Hal ini disampaikan Menteri Agama Yaqut Cholil Qoumas kepada wartawan usai melaksanakan sholat Jumat di kantor Kementerian Agama RI, Jakarta, Jumat (9/4/2021).
Menteri Agama Yaqut
Cholil Qoumas menyebut hal ini dikarenakan Sinovac belum tersertifikasi
Organisasi Kesehatan Dunia (WHO).
"Vaksin besutan Sinovac, itu harus mendapat sertifikat dari WHO. Jadi,
vaksin yang sudah disertifikasi WHO ada tiga jenis, sementara Vaksin besutan
Sinovac belum.

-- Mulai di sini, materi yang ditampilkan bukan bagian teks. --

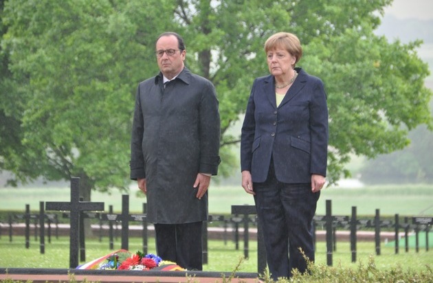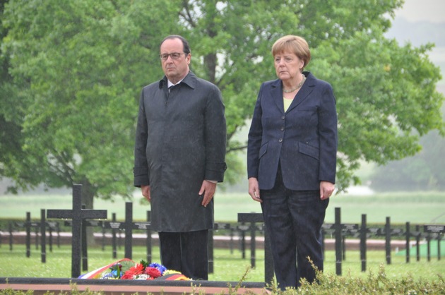 Bundeskanzlerin Angela Merkel und der französische Präsident François Hollande haben heute der Opfer der Schlacht um Verdun auf der deutschen Kriegsgräberstätte in Consenvoye gedacht und Kränze niedergelegt.
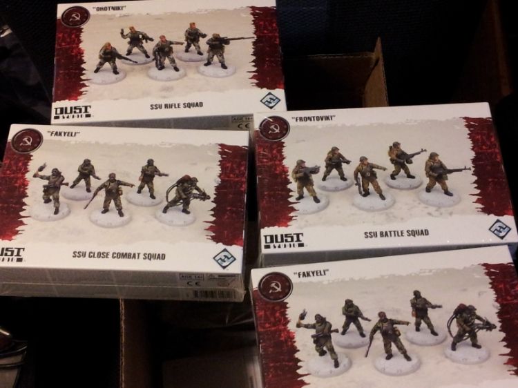 So I recently started my foray into bolt action, as I really like the system as a cheap beer and pretzels game. I love the soviet engineer sappers, as they look really iconic to me. However, I'm rather disapointed with warlord game's engineer sappers, as not only are they metal so repeats are inevitable. But there are options that don't exist, no rifles or lmg's, and there are no blisters available so that means that getting full squads means a slew of spare useless panzerfausts (said non existant option) and flamethrowers. So, I decided to sacrifice some historical accuracy and use some dust tatics models for my engineer themed soviet list. The models are fantastic, and look much better not to mention cheaper if your willing to do some weapon swaps, though there is a ton of mold lines to remove. So without further ado, the beginnings of my army. I just have to wait for amazon.
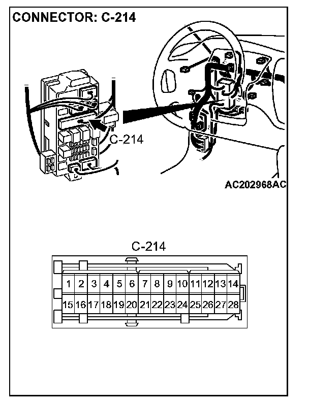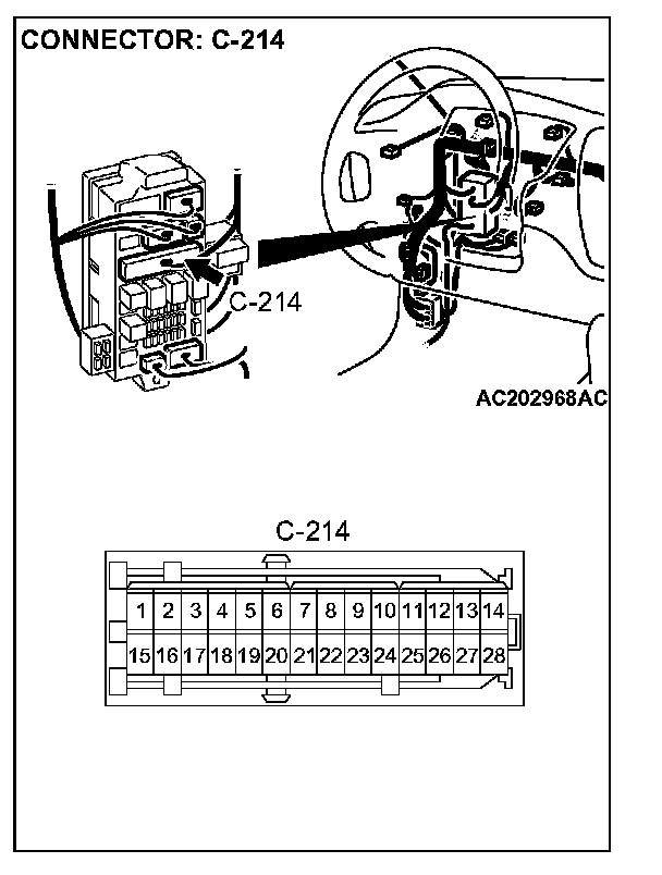 STEP 6. Check the harness wire between combination meter connector C-01 terminal 19 and junction block connector C-214 terminal 25 for damage.
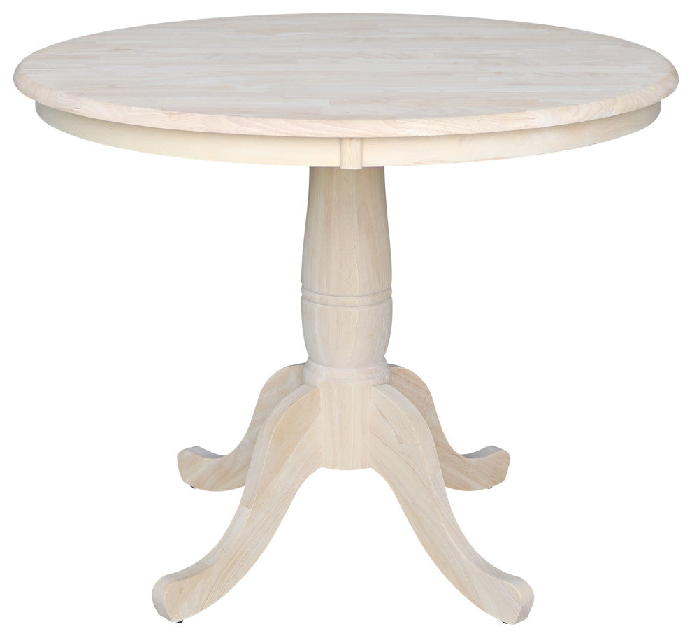 International Concepts home furniture is a beautiful collection of high quality, wood furniture with a traditional and elegant look. Featuring pieces you will be proud of for years to come and will easily complement any decor. All pieces are manufactured from solid Parawood which is more commonly referred to as Rubberwood. Parawood is eco-friendly in terms of being a fantastic renewable resource. As Parawood is considered to be a hardwood, it is actually a truly durable and strong wood.Table dimensions: 36"W x 36"D x 28.9"HMade from solid wood36" Round table topReady to assembleFor use with dining chairsPedestal base has 4 feet for maximum supportButcher block top

Kalau belum, itu bukan berarti tidak," kata Yaqut.
Vaksin Sinovac memang
belum masuk dalam daftar penggunaan darurat WHO (EUL). Sekarang ini, baru ada
tiga jenis vaksin Corona yang sejauh ini sudah masuk daftar EUL, berikut
rangkuman wartawan pada Jumat (9/4/2021).
Vaksin Pfizer
Vaksin Pfizer menjadi vaksin Corona pertama
yang mendapat izin penggunaan darurat (EUL) dari Organisasi Kesehatan Dunia
(WHO). Per 31 Desember 2020, WHO mengatakan vaksin berteknologi mRNA ini sudah
bisa didistribusikan ke sejumlah negara.
"Ini adalah
langkah yang sangat positif untuk memastikan akses global ke vaksin COVID-19.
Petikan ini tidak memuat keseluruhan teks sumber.